In this project, we have implemented On-policy first-visit Monte Carlo control algorithm to solve a path finding reinforcement learning problem. We use monte_carlo.py file. Additionally we have created a visual environment in game.py for analyzing the learned policy, as well as a map editor in the map.py file to create custom maps for the environment.
The problem is to find the shortest path from the start position to the goal in a grid world. The agent is aware of its position as well as a velocity vector. At each time step, the agent can change its velocity by adding an acceleration into one of the eight possible directions. This is limited by an absolute value for each velocity component.

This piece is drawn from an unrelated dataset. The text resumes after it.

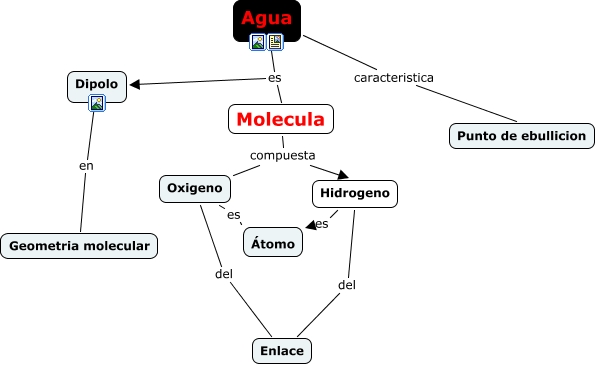 Questa Mappa Concettuale ha informazioni correlate a: Qumica del agua, Oxigeno del Enlace, Molecula compuesta Hidrogeno, Molecula compuesta Oxigeno, Dipolo en Geometria molecular, Agua es Molecula, Oxigeno es Átomo, Agua caracteristica Punto de ebullicion, Hidrogeno es Átomo, Agua es Dipolo, Hidrogeno del Enlace

The environment is a 2D grid world with a start and goal position. The environment gives negative rewards for each time step and a positive reward when the agent reaches the goal. Additionally, if the agent hits a wall or goes out of bounds, it receives a negative reward and is reset to a random start position. Example maps for the environment are shown below:
| Map 1 | Map 2 | Map 3 |
|---|---|---|
![]() |
![]() |
![]() |
We first train the agent by letting it play the game 10000 times. We use a high exploration rate to ensure that the agent explores the state space and learns a good policy. We then use the learned policy to play the game and visualize the learned policy. The learned policy for the first map is shown below on two different starting positions:
| Start 1 | Start 2 |
|---|---|
![]() |
![]() |
For the tested maps, the learned policy converges after the set limit of 10000 episodes and finds the (almost) shortest path to the goal. The learned policy is also robust to different starting positions.